Низко надо мной прошел Як – мой ведущий, Лапочкин. Я помахал ему рукой, показывая, что жив. Красочная картина – зеленый самолет, охваченный ярким пламенем, на белом снегу… Я отполз на руках еще пару метров, и начали рваться снаряды. Подошли на лыжах три подростка лет десяти – двенадцати, подложили под меня несколько лыж и потащили к проходящей недалеко дороге. Там меня кто-то уложил на розвальни, запряженные лошадью. Мороз был сильный, обожженное лицо и руки стали обмерзать, кто-то надел мне варежки и закрыл лицо шапкой.

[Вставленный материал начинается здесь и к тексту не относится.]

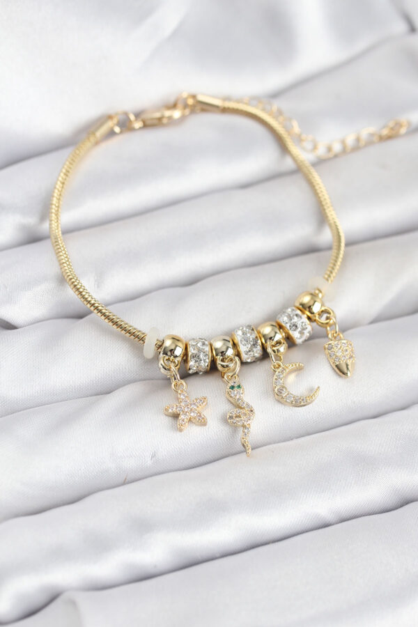 Tegan Pirinç Gold Renk Yılan Charmlı Kadın Bileklik TG27BB8183

Сутки я пробыл в полевом госпитале, находившемся в каком-то старинном здании на окраине города Истры (кажется, это был дом отдыха). Ожоги оказались сильными – третьей, а местами четвертой степени и мучительно болели. Медсестра смачивала их раствором марганцовки, боли проходили, но вскоре я снова начинал стонать. Госпиталь был переполнен, раненые лежали в холле и на площадках лестницы, стоны раздавались отовсюду.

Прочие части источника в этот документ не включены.